この記事では、南海トラフ想定エリアに住む家庭が、自分の家・地域・家族構成に合わせて安全計画を作る方法を解説します。海沿い、河口、内陸、マンション、子どもや高齢者がいる家庭でも、今日から決められる形に整理します。
結論|この記事の答え
南海トラフ想定エリアの安全計画で最初にやるべきことは、家庭内マップを作ることです。非常食を買うより先に、「どこが危ないか」「どこから逃げるか」「誰とどこで合流するか」「何を持つか」を家族で見える形にします。
家庭内マップには、少なくとも次の5つを入れます。
- 家の中の危険箇所
- 室内から外へ出る経路
- ブレーカー、ガス元栓、止水栓の位置
- 備蓄と持ち出し品の置き場
- 集合場所、避難先、連絡方法
迷ったらこれでよい、という最小解は、A4用紙1枚に「自宅の簡単な間取り」「第1避難先」「第2避難先」「家族の連絡先」「水・トイレ・ライトの置き場」を書き、玄関と冷蔵庫に貼ることです。きれいな地図でなくてもかまいません。災害時に家族が同じ判断をできることが大切です。

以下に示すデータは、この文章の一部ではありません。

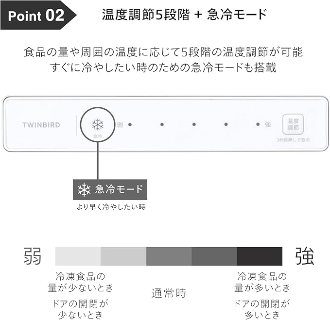 【急冷モードも搭載】温度は5段階に切り替え可能。急冷モー

まず優先するのは、津波や火災など命に関わる危険から離れることです。次に、在宅避難できるか、避難所へ行くべきか、親族宅へ移動するかを決めます。後回しにしてよいのは、防災用品を一気に買いそろえることです。用品より先に、逃げる方向と連絡方法を決めてください。
これはやらないほうがよいのは、津波浸水想定区域にいるのに「警報を見てから考える」と決めてしまうこと、家族の集合場所を1か所だけにすること、スマホの地図だけに頼ること、備蓄を1か所にまとめすぎることです。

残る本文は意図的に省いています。